Liked the episode , liked the poll .
Laughing @ the clowns who think polls should be tailored to their sensitivities ... , so that = good poll + amusing post .
gg!
I have no idea what you mean, but I want that uniform...
Look at the left of K'nera. That's a Starfleet logo on a KLINGON bridge.
"Was that before the Klingons joined the Federation?' A quote from Wesley from early TNG.
Norway and Yeager dammit... I still want my Typhoon and Jupiter though. JJ Trek The Kelvin Timeline is just Trek and it's fully canon... get over it. But I still prefer TAR.
#TASforSTO
'...I can tell you that we're not in the military and that we intend no harm to the whales.' Kirk: The Voyage Home
'Starfleet is not a military organisation. Its purpose is exploration.' Picard: Peak Performance
'This is clearly a military operation. Is that what we are now? Because I thought we were explorers!' Scotty: Into Darkness
'...The Federation. Starfleet. We're not a military agency.' Scotty: Beyond
'I'm not a soldier anymore. I'm an engineer.' Miles O'Brien: Empok Nor
'...Starfleet could use you... It's a peacekeeping and humanitarian armada...' Admiral Pike: Star Trek
It will be interesting how things turn out for the Federation in STO now. As we saw, erasing the astroid made the Borg 100x stronger than they were before - somehow removing that asteroid made things go very, very badly in the delta quadrant and they assimilated more civilizations than they did in the original timeline. They even assimilated the alpha quadrant and none of the alpha quadrant powers stood a chance.

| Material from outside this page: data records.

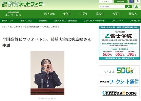 全国高校ビブリオバトル、長崎大会は秀島鳴さん連覇 ~読売新聞 教育ネットワーク【外部リンク】
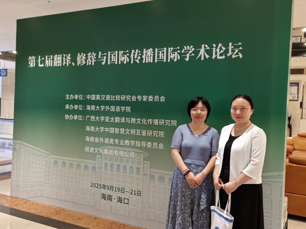 2025年9月19-21日第七屆翻譯、修辭與國際傳播國際學術論壇在海南省海口市召開,論壇主辦單位為中國英漢語比較研究會專家委員會,承辦單位為海南大學外國語學院。外國語學院教師慕媛媛、董艷受邀參加論壇,慕媛媛作為國際期刊International Journal of Translation, Interpretation and Applied Linguistics執行主編在大會作交流發言。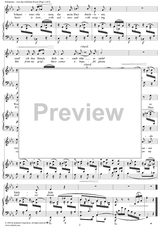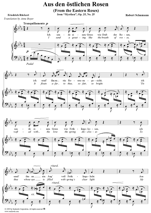 "Myrthen, no. 25: Aus den östlichen Rosen" Sheet Music by Robert Schumann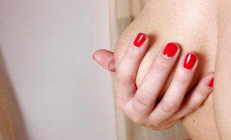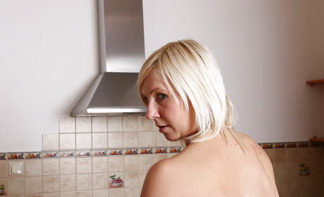 Karups Older Women: Excelente rubia EMILIA EMILIA exhibiendo grandes tetas y coño afeitado en la cocina

Erasing that transwarp conduit didn't make the borg any weaker than they were after the first TRIBBLE-up, they still became a terror in the delta quadrant and are still capable of steamrolling the alpha quadrant. Removing that transwarp conduit just means they haven't expanded into the Federation's region of space yet.
This timeline is even worse. We still have the Iconians but now we also have super-borg. I wonder if we will see the full extent of the ramifications in the next episode - I suspect that while our local region of space didn't change much from the original timeline, the delta quadrant probably got completely assimilated. Will they try to fix it with more temporal incursions?
I liked it up till The Borg. Its like they are trying to beat a dead horse that turned to ash years ago.
Lore wise, they opened a can of worms and that scenario should have shown that the Borg would have taken over Romulus. It would have raised huge red flags and would have shown up right away... unless someone is fighting against them and there is a new temporal cold war coming. lol Which then the borg could be sort of explained. Someone fiddling with what they are doing and making it worse but you can have problems (I guess... I doubt there are any time travelers here) when someone erases something else or causes something else to happen it erases memories of that happening.
I just dont want to keep fighting the Borg. Its boring and linear.
Hearing the same stuff over and over again. And in a world where socio-economic or natural laws dont exist and allow them to expand exponentially in all directions and even time travel and make huge things that allow them to do whatever they want except they dont want to do anything besides take over the universe and then keep on taking over things even though the amount that they build, at least in this game, would strip half the quadrants of natural resources. And you cant just keep ruling over worlds. Even with the Borg-McGuffin Transwarp system they couldnt defend against multiple attacks at one time. And that whole continually adapting their shields is another McGuffin (Im Guessing a McGuffin created the Borg one day while he was bored and wanted to play a trick on the Universe) it dissipates heat and radiation. Sorry but them rotating their shield frequency would not make it so they couldn't take damage. It might make it stop solid objects from getting it like torpedoes. It would still be building up heat from the beam weapons and would fail. And their tractor beams would have ripped their ships apart having to control the mass of lets say a scimitar or a Galaxy and especially if they were traveling and full impulse. It would have sheered their ships apart. And you cant build or change the mass of a solar system like they did in this episode. It would have caused huge tidal issues and possibly made Romulus uninhabitable for even the Borg.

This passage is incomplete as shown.